Next, we need to explore and visualize the data to understand its structure and characteristics. We can use pandas to explore the data and seaborn to visualize it.

Missing Values

Before exploring the data, we need to check for missing values and handle them if necessary.

df.isnull().sum()
xtal_str 0 comp 0 dHf 0 Eg_exp 9 Eg_GW 0 Eg_DFTU 0 O2p_min_VBM 0 dEN 0 OVFE_calc 0 OVFE_reg_GW 0 OVFE_reg_DFTU 0 Ehull_MP 2 dtype: int64

The measured band gap (Eg_exp) and the energy above the convex hull (Ehull_MP) have nine and two missing values, respectively. We can drop these columns or impute the missing values with the mean, median, or mode of the column. Let’s drop the columns for now.

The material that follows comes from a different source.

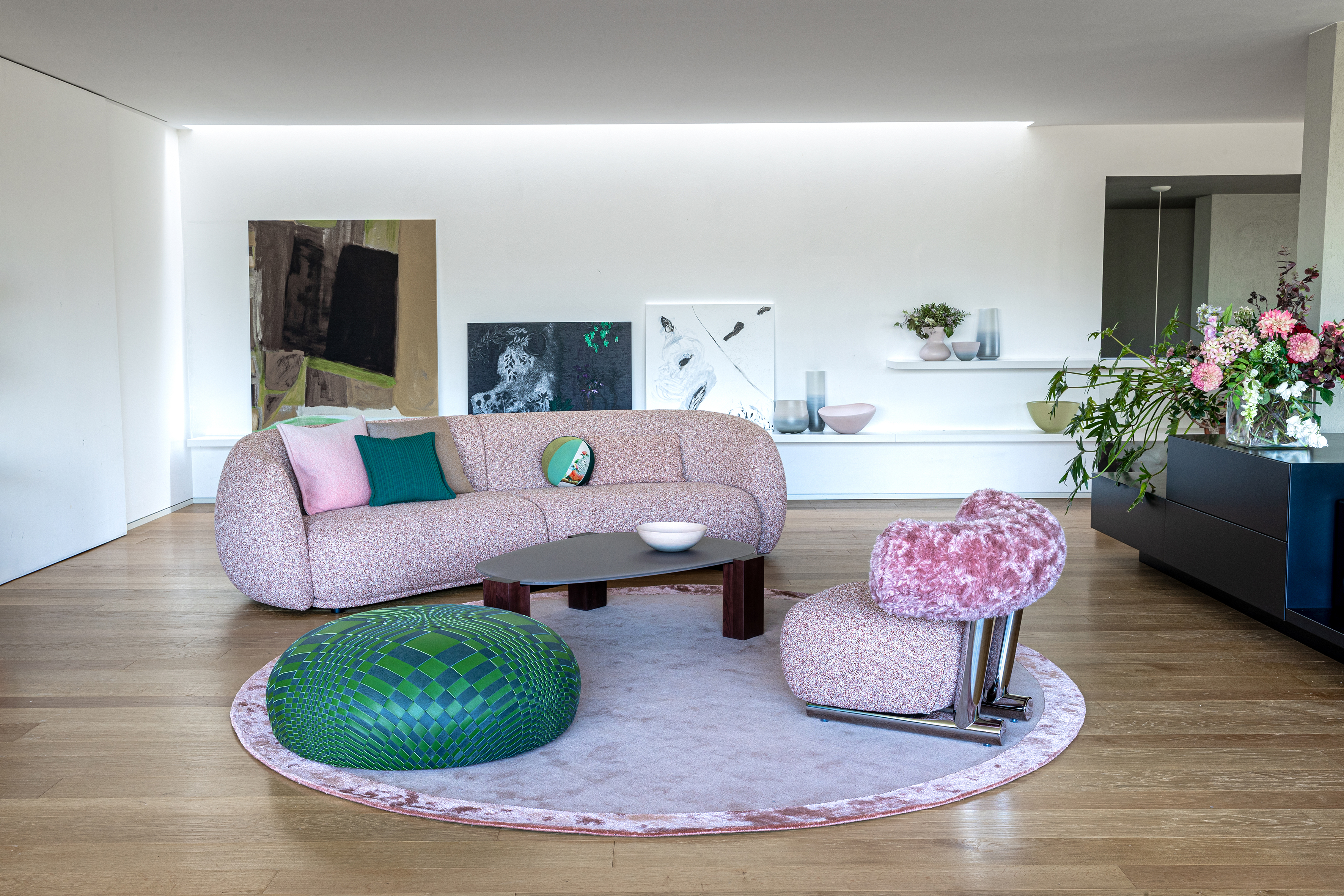 MOROSO GRUUVE Sofa • verschiedene GrößenFließende Formen und Freies Wohnen – die Kollektion Gruuve von Patricia Urquiola für Moroso Mit Gruuve präsentiert Patricia Urquiola ein modulares Sofasystem, das den Geist der 1970er-Jahre aufgreift und in die Gegenwart überführt. Inspiriert vom legendären Lowseat-System aus dem Jahr 2000, zeigt sich Gruuve als Weiterentwicklung mit kraftvoller Präsenz und weichen, bis zum Boden reichenden Konturen. Die Kollektion verkörpert eine moderne Interpretation des freien, nonkonformistischen Wohnens – mit fließenden, unregelmäßigen Linien und vier Modulen, die sich zu individuellen Kompositionen zusammenfügen lassen. So entsteht Bewegung im Raum, ein Gefühl von Dynamik und spielerischer Freiheit. Ob im privaten Wohnbereich oder in öffentlichen Lounges – Gruuve zieht die Blicke auf sich und schafft durch seine gegliederten, aber harmonisch verbundenen Formen Zonen der Begegnung und des Austauschs. Die doppelseitige Sitzgestaltung lädt sowohl zum entspannten Zurücklehnen als auch zum geselligen Gespräch ein. Ein besonderes Highlight: Gruuve ist auch in exklusiven, von Patricia Urquiola entworfenen Stoffdesigns erhältlich – individuell, ausdrucksstark und unverwechselbar. Gerne bieten wir Ihnen auf Anfrage eine Auswahl weiterer Stoffe an. Kontaktieren Sie uns telefonisch oder per E-Mail – unser Team berät Sie individuell und kompetent.Gestell / Struktur: Grundlage aus Polimex® und Polsterung aus flexiblem Polyurethan mit variabler Dichte. Standardmäßig Polyurethan in der Version gemäß CAL TB117, frei von Flammschutzmitteln. Das Gruuve-Sofa ist abziehbar. Sitztiefe: 66 cmSitzhöhe: 41 cmNetto-Gewicht: 65 kgMaße (B × T × H)Offenes Modul: 243 x 124 x 72 cmGeschlossenes Modul: 240 x 128 x 72 cm Bitte beachten Sie, dass die angezeigten Bilder Illustrationszwecken dienen und von dem tatsächlichen Endprodukt abweichen können.

df.drop(['Eg_exp', 'Ehull_MP'], axis=1, inplace=True)
df.head()
Loading...
Data Exploration

Now, let’s explore the data to understand its structure and characteristics.

df.describe()
Loading...
sns.pairplot(df, kind='reg', diag_kind='kde')
plt.show()
<Figure size 2000x2000 with 72 Axes>
Step 4: Preprocess the Data

Before training the model, we need to preprocess the data. This involves splitting the data into input features and output labels, normalizing the input features, and splitting the data into training and testing sets.

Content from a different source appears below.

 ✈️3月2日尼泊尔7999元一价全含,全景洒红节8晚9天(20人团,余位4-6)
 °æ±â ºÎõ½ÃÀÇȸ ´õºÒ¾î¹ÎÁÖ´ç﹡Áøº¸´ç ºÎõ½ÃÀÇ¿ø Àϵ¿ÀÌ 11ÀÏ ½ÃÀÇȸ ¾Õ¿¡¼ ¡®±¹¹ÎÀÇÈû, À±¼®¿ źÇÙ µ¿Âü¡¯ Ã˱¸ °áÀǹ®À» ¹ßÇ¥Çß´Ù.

X = df.drop(['xtal_str', 'comp', 'OVFE_calc', 'OVFE_reg_GW', 'OVFE_reg_DFTU'], axis=1)
y = df['OVFE_calc']

X_train, X_test, y_train, y_test = train_test_split(X, y, test_size=0.2, random_state=42)

scaler = StandardScaler()
X_train = scaler.fit_transform(X_train)
X_test = scaler.transform(X_test)
Step 5: Train a Model

Now that we have preprocessed the data, we can train a regression model. We will use the RidgeCV and Perceptron models from scikit-learn.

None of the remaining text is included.